In this context, a set D is called dense if every element of P has a lower bound in D. For application of ccc, an antichain is a subset A of P such that any two distinct members of A are incompatible (two elements are said to be compatible if there exists a common element below both of them in the partial order). This differs from, for example, the notion of antichain in the context of trees.

MA(ℵ_{0}) is provable in ZFC and known as the Rasiowa–Sikorski lemma.

MA(2^{ℵ_{0}}) is false: [0, 1] is a separable compact Hausdorff space, and so (P, the poset of open subsets under inclusion, is) ccc. But now consider the following two 𝔠-size sets of dense sets in P: no x ∈ [0, 1] is isolated, and so each x defines the dense subset { S | x ∉ S }. And each r ∈ (0, 1], defines the dense subset { S | diam(S) < r }. The two sets combined are also of size 𝔠, and a filter meeting both must simultaneously avoid all points of [0, 1] while containing sets of arbitrarily small diameter. But a filter F containing sets of arbitrarily small diameter must contain a point in ⋂F by compactness. (See also .)

Martin's axiom is then that MA($\kappa$) holds for every $\kappa$ for which it could:
- Martin's axiom (MA)
  MA($\kappa$) holds for every $\kappa<\mathfrak{c}$.

==Equivalent forms of MA(κ)==
The following statements are equivalent to MA(κ):
- If X is a compact Hausdorff topological space that satisfies the ccc then X is not the union of $\kappa$ or fewer nowhere dense subsets.
- If P is a non-empty upwards ccc poset and Y is a set of cofinal subsets of P with |Y| ≤ κ then there is an upwards-directed set A such that A meets every element of Y.
- Let A be a non-zero ccc Boolean algebra and F a set of subsets of A with |F| ≤ κ. Then there is a Boolean homomorphism φ: A → Z/2Z such that for every X ∈ F, there is either an a ∈ X with φ(a) = 1 or there is an upper bound b ∈ X with φ(b) = 0.

==Consequences==
Martin's axiom has a number of other interesting combinatorial, analytic and topological consequences:

- The union of κ or fewer null sets in an atomless σ-finite Borel measure on a Polish space is null.

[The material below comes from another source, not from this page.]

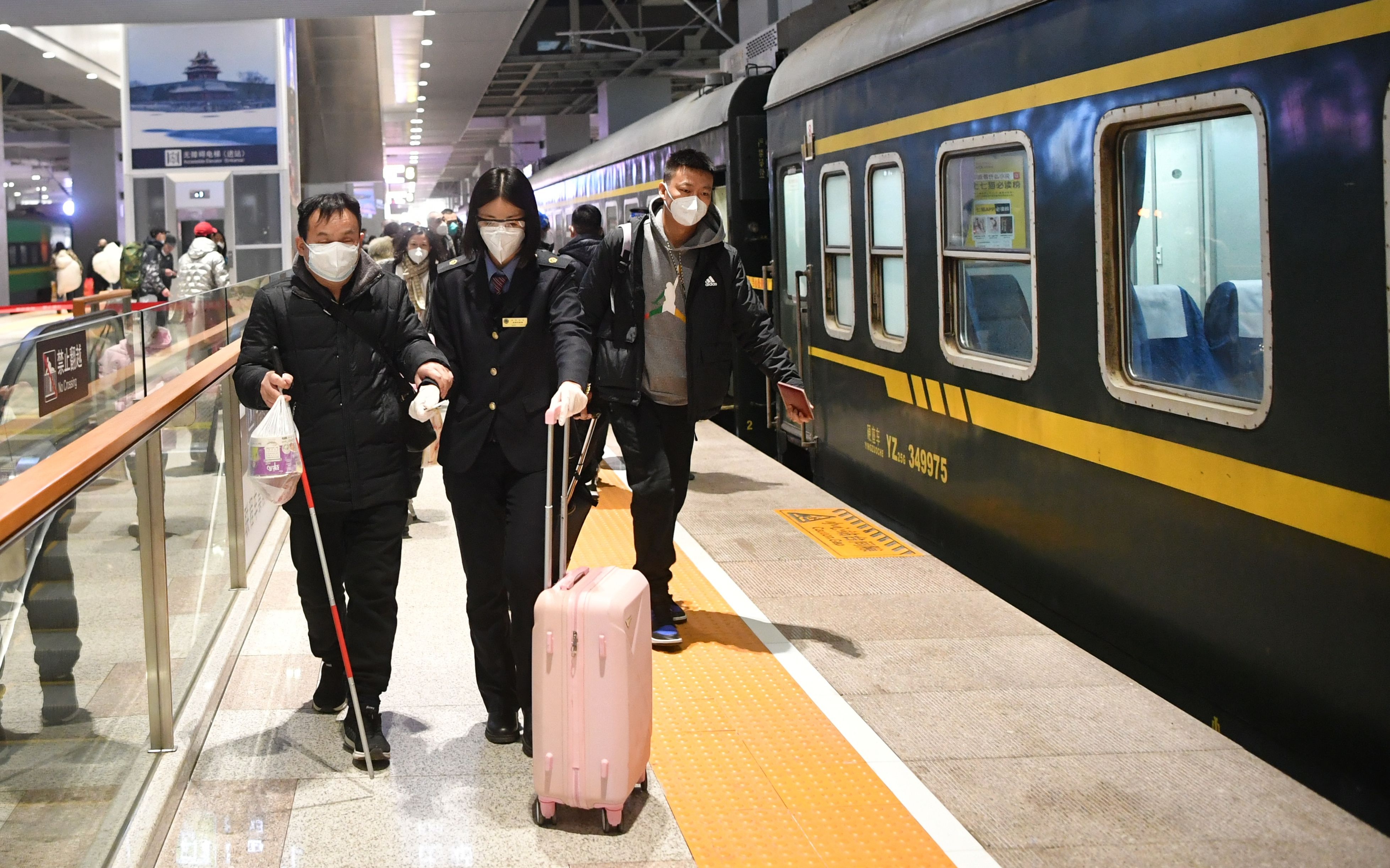 走出车厢时,王淼还不忘跟列车员再交代几句:“那个粉色的箱子是这位师傅的,您也帮忙多照看着点。”她告诉记者,现在每天要帮助这样的重点旅客进出站约五六十人次,“其中既有通过12306官方预约的,也有在车站直接找到我们的。只要是需要帮助的旅客,我们都会提供相应的服务。”

In particular, the union of κ or fewer subsets of R of Lebesgue measure 0 also has Lebesgue measure 0.
- A compact Hausdorff space X with |X| < 2^{κ} is sequentially compact, i.e., every sequence has a convergent subsequence.
- No non-principal ultrafilter on N has a base of cardinality less than κ.
- Equivalently for any x ∈ βN\N we have 𝜒(x) ≥ κ, where 𝜒 is the character of x, and so 𝜒(βN) ≥ κ.
- MA(ℵ_{1}) implies that a product of ccc topological spaces is ccc (this in turn implies there are no Suslin lines).
- MA + ¬CH implies that there exists a Whitehead group that is not free; Shelah used this to show that the Whitehead problem is independent of ZFC.

==Further development==
Martin's axiom can be seen as a generalization of the Baire category theorem: if the continuum hypothesis holds, one of the equivalent forms of MA above is simply the Baire category theorem restricted to c.c.c. compact spaces (a topological space is c.c.c. if it has no uncountable, pairwise disjoint collection of open sets).

Various other axioms modeled after Martin's axiom are known as forcing axioms. These include the proper forcing axiom and Martin's maximum, both of which imply Martin's axiom.